The drawings are a bit rough, but they get the point across. I'm going to go with bent lamination for the apron. 1/8" veneers cold bent around an MDF form. No steam. My research, and some quick testing here in the shop, indicates the QSWO can handle the bend without breaking. I'll use polyurethane glue as, it is my understanding, it will not 'creep' when released from the forms. That means I don't have to compensate for spring back. I hope. :crossed: The chess board will be 1/8" veneers laminated to a 1" MDF substrate (two 1/2" sheets laminated).Here's the overview
6-13 a.jpg6-13 b.jpg6-13 c.jpg


The swing out compartments are meant to be 'hidden'. So no visible hardware and the gaps need to be as small as possible.
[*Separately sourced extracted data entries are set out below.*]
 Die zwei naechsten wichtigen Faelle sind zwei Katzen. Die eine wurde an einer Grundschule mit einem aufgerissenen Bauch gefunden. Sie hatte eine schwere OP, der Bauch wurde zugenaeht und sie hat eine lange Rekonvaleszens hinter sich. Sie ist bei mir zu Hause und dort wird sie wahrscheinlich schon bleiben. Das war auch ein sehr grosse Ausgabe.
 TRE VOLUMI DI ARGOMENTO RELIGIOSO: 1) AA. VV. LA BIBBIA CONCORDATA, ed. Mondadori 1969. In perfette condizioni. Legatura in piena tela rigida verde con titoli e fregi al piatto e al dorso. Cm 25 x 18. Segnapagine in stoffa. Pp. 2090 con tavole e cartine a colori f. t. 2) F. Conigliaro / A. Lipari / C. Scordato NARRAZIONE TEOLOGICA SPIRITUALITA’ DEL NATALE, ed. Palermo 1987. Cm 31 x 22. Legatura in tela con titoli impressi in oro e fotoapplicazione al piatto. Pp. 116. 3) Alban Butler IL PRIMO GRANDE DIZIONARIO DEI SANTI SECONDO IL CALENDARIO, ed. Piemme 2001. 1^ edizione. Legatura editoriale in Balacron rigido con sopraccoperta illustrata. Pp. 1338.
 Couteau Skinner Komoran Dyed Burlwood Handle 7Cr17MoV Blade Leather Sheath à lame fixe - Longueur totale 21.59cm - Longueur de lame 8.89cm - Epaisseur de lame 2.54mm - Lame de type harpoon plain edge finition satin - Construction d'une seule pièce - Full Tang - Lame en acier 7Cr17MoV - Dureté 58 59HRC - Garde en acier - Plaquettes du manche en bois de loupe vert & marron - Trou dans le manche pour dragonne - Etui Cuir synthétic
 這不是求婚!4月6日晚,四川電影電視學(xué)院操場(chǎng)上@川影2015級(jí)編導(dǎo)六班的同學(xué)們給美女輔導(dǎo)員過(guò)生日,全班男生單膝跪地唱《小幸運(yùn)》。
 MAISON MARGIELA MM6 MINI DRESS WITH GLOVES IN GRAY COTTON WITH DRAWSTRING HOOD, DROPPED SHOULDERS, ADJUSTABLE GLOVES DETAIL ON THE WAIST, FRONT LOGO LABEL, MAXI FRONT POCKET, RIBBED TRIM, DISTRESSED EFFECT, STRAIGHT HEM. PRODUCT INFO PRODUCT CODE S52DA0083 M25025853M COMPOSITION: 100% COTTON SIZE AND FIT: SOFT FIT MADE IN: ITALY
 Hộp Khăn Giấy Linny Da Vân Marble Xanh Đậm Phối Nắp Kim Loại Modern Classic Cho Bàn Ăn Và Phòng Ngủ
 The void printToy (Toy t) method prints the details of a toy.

I've not figured out what type of 'catch' to use yet, but I did find a few ideas on the web for hinging the compartment. This drawing shows the basic idea, though I will likely be moving the hinge point in a little to minimize the 'cutout' that allows the end of the drawer face to swing in.
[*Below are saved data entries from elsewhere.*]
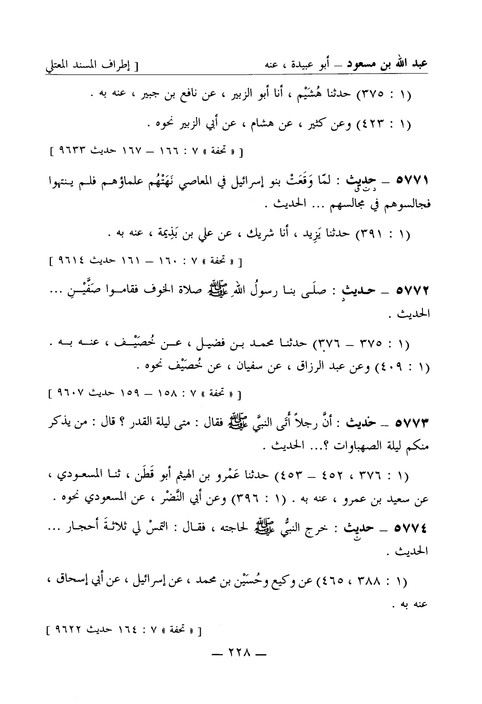 5773 - حديث أن رجلا أتى النبي صَلَّى اللَّهُ عَلَيْهِ وَسَلَّمَ فقال متى ليلة القدر؟ قال من يذكر منكم ليلة الصهباوات؟ ... . الحديث. (1: 376، 452 - 453) حدثنا عمرو بن الهيثم أبو قطن، ثنا المسعودي، عن سعيد بن عمرو عنه به. (1: 396) وعن أبي النضر، عن المسعودي نحوه.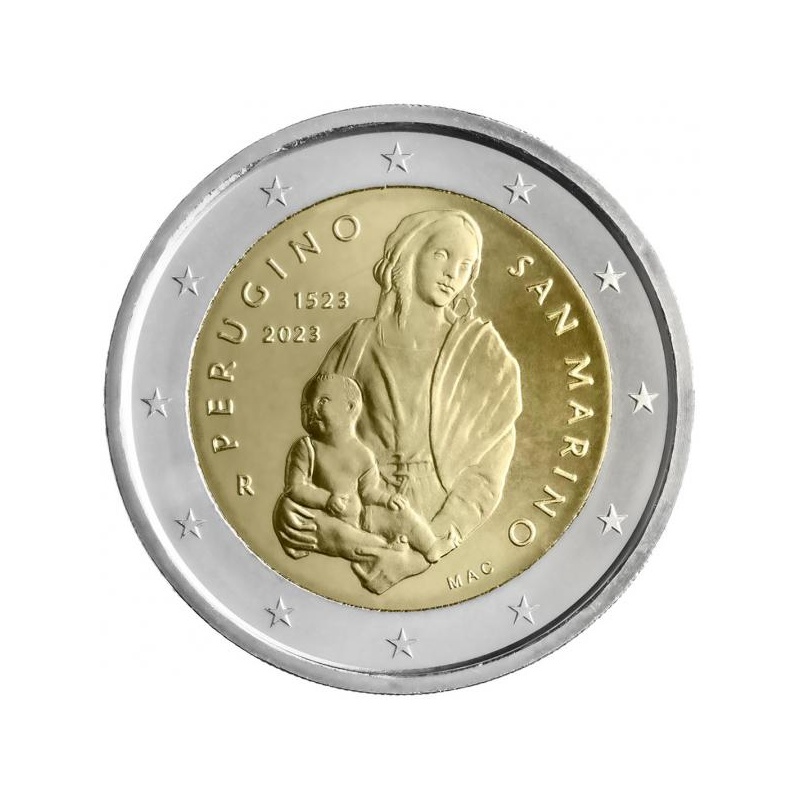 Kirjeldus: kujunduses on kesksel kohal Firenze Uffizi galeriis oleval Perugino maalil „Madonna lapse, püha Sebastianuse ja Ristija Johannesega” kujutatud neitsi Maarja koos oma lapse Jeesusega. Vasakul pool on kiri „PERUGINO”, aastaarvud 1523 ja 2023 ning rahapaja tunnus R. Paremal pool on käibele laskva riigi nimi „SAN MARINO” ja all paremal on autori Maria Angela Cassoli initsiaalid MAC. Mündi välisringil on kujutatud Euroopa Liidu lipu 12 tähte.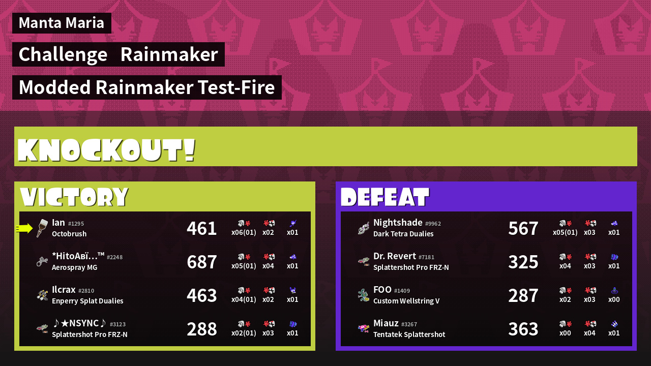 Kills / Deaths | 5 + 1 / 2 > Kill Ratio: 2.50 | ||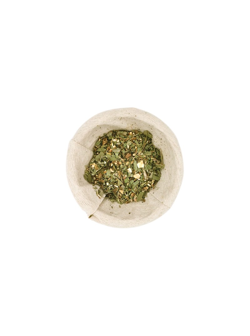 1 cuillère à café de la tisane (2 à 3 grammes) dans une tasse d'eau froide.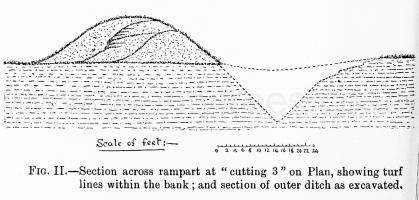 Three cuttings were made through the rampart in each of which two old turf lines were found, representing, it is believed, additions at two different times.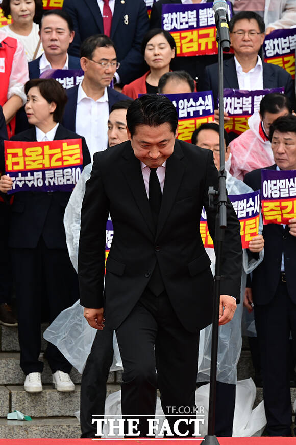 장동혁 대표는 이날 연단에 올라 "오늘 2025년 9월 4일은 쓰레기 같은 내란 정당 프레임을 깨는 날이 될 것"이라며 "무도한 이재명 정권을 무너뜨리는 그 첫날이 될 것"이라고 말했다.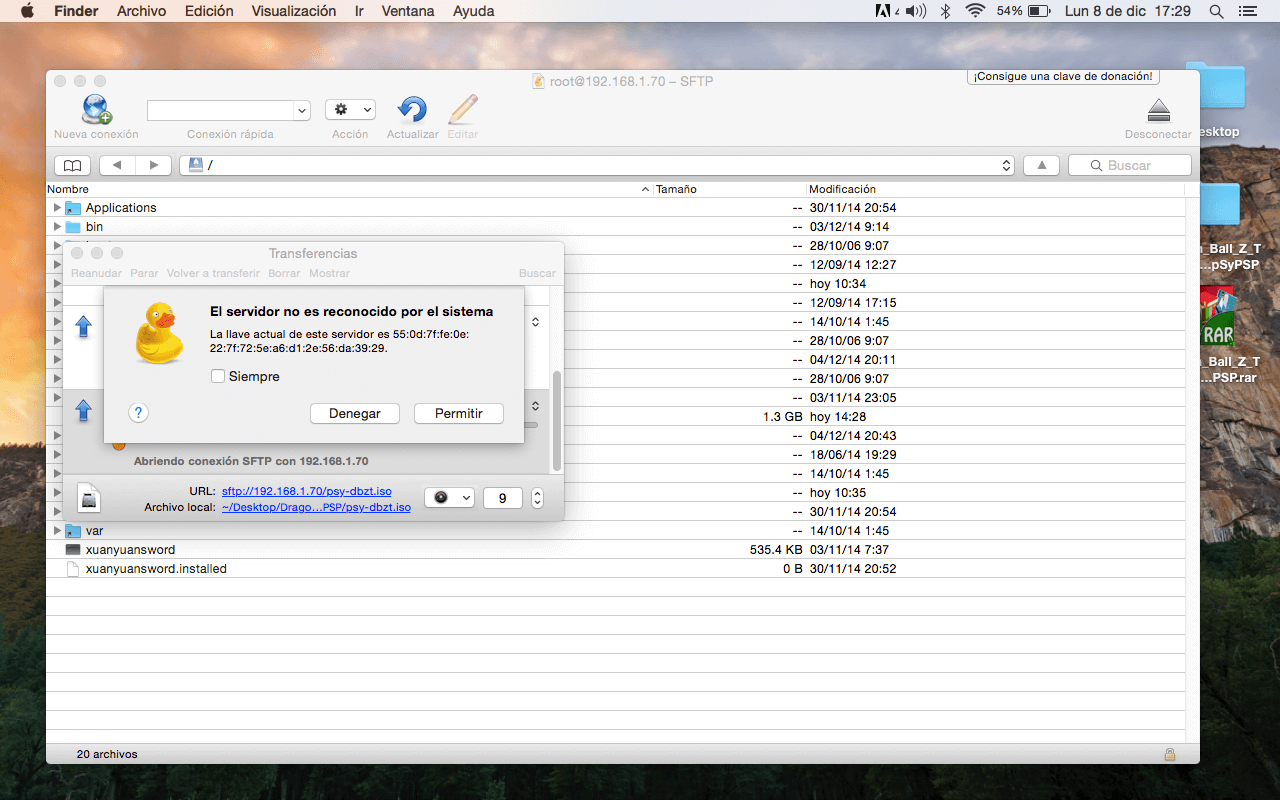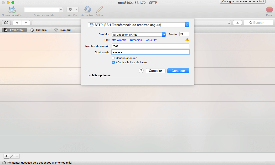 Teniendo el archivo .ISO tendremos que usar Cyberduck si estas en Mac o WinSCP si estas en Windows, el procedimiento será el mismo y es muy importante que elijan el tipo de transferencia como SFTP. Lo único que deben hacer en su dispositivo es entrar a Ajustes – Wi-Fi – Pulsar en el botón del signo de admiración que aparece del lado derecho de la conexión al cual estamos conectados y encontraremos la dirección IP el cual van a poner en la parte de Servidor de Cyberduck o WinSCP.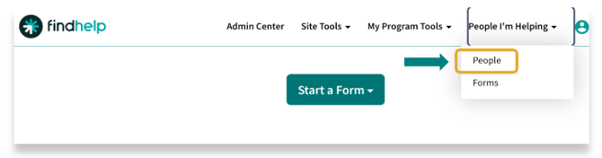 When you're signed into the site and have made a referral or submitted an assessment for a seeker, you can access their information by clicking "People I'm Helping" in the top menu, then selecting "People."

Closed Close up.jpgOpen Close up.jpg

Finally, the lazy susan. I want the motion to be smooth and there should be no 'rocking' of the table top. If someone leans on the edge of the table I don't want the other side to lift. So, I'm thinking of going with a commercial grade 24" ball bearing mechanism that will support the top almost at its perimeter - the top is 27". This presents two more challenges. Since the mechanism is about 9/16" deep I will have to provide a groove in the underside of the table about 1/2" deep for the susan to sit in which will keep the gap between the top and apron to about 1/16". This then intrudes into the space for the chessboard. This is why I will use two 1/2" pieces of MDF for my substrate as I can cut off the corners of the lower piece to clear the susan.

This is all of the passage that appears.